The discussion around the use of drone technology has been heated at times – a step down the path to a dystopian Second Machine Age or the cutting edge of progress depending on your point of view.

Tech giants and technologists have led the call for their widespread introduction to civil society, whilst civil liberties activists and legal commentators have tended to support a more cautious approach.

The debate is hottest in America where investment is at its most extensive, yet those seeking to drive the market feel they have come up against a regulatory impasse. At present, the commercial use of small drones is effectively banned whilst recreational use is not.

The US Federal Aviation Administration (FAA) was tasked by congress in 2012 to formulate a regulatory framework for the introduction of drones into US airspace. The regulator has pushed back and said it intends to introduce legislation on a more incremental basis.
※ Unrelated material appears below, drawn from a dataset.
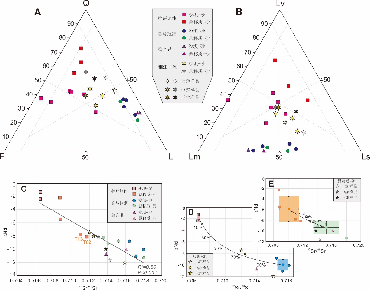 图2 雅鲁藏布江沙坝和悬移质中砂的碎屑组分(A、B)和Sr-Nd同位素特征(C-E)。

A set of draft proposals for smaller drones is set for release and suspected to be highly restrictive compared to many other jurisdictions. They are now in the hands of the White House, which drone advocates hope will dampen the proposals with some much needed consideration for industry development, before being put out to public scrutiny.
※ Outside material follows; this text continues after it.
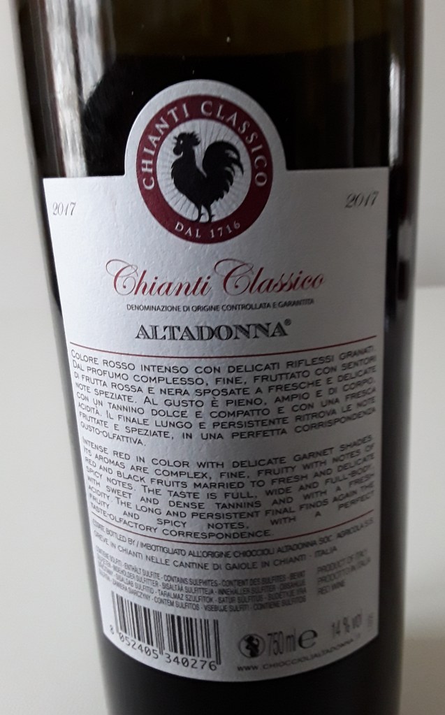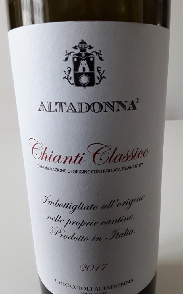 Chianti Classico Docg 2017 Az. Altadonna. Ottenuto da Sangiovese 90% e Merlot 10% , dopo aver svolto la malo,si eleva in barriques di rovere francese “sur lies” per 12 mesi. Dopo l’ imbottigliamento, affina per 6 mesi in vetro prima di essere immesso sul mercato. A livello sensoriale: si presenta nel calice con una veste rosso rubino intenso con delicate sfumature granato. Portandolo al naso si percepiscono eleganti sentori di rosa, violacciocca, ciliegia, mora e prugna che immancabilmente vanno a seguire nuances speziate e tostate. Al palato è di una piacevole beva, caratterizzato da tannini poderosi ma al contempo setosi, in perfetto equilibrio con freschezza e tenore alcolico, fine e munito di una lunga persistenza. Un vino davvero ben fatto.

A handful of companies have already been allowed to undertake test flights under Section 333 of the FAA Modernization and Reform Act 2012 – a drone specific piece of legislation that empowers the regulator to grant waivers to the prohibition.

In July, Amazon applied for an exemption to allow the open air testing of its Prime Air delivery system in the US. It plans to provide rapid parcel delivery to customers in thirty minutes or less using small unmanned aerial vehicles (UAE’s).

Although not rejected outright, the request has been held off with an undisclosed request for additional information and a series of difficult legal questions, asking Amazon to do no less than explain why the right to test flights constitutes the public good.

In a letter of response, Amazon’s VP of policy, Paul Misener, 
has accused the FSA of questioning the “fundamental benefits” of keeping UAE technology in the US and running contrary to the pioneering spirit of American innovation.

Misener raises the possibility of R&D fight from the US. The warning is not without substance – both Google and Amazon have been reported to be undertaking testing in the UK and Australia where companies can operate under straightforward flight based safety rules. Ten Section 33 exemptions do not compare well to the UK’s batch of three hundred licences for commercial drone operators.

Some disagree and feel the FAA’s slow approach is well proportioned. The FAA’s remit is to maintain aerial safety not promote business opportunity. Drones are a rapidly developing technology and there are significant safety concerns ranging from aircraft collision to criminal misuse.

It is also self-evident that drones, whether used in by commercial, state or civilian actors raise new frontiers for privacy concerns. At the start of 2014, Senator Diane Feinstein voiced her fears to a Senate policy hearing. Drones, she says, “have the unique capability to peer into private homes and businesses and listen to private conversations.” The Senator argues that steps must be taken to develop privacy restrictions and capabilities whilst the industry is still in its infancy.

The White House has confirmed that it is considering a series of executive orders to cover both federal and private drone privacy. The President is set to direct the Department of Commerce’s National Telecommunications & Information Administration (NTIA) to create a set of voluntary best practices for private drone operators. Tech companies, civil rights and consumer welfare groups will likely form part of a dialogue process towards realising the guidelines.

It is worth nothing that even ardent drone critics such as Feinstein do not dispute the possibilities of the UAE technological revolution – ranging from environmentally friendly precision agriculture (set to be the largest beneficiary) and logistics, to a seemingly limitless raft of everyday applications. The Association for Unmanned Vehicle Systems summarises the potential succinctly in terms of saving “money, time and lives.”

Taking a longer view, its is hard to find an analyst willing to predict that America will allow the suppression of a prospective multi billion-dollar industry and technology that may come to characterise the economy of the future. With public consultation and debate on its way, the parameters for the use and development of drones in developed nations could well be laid out this year in the US.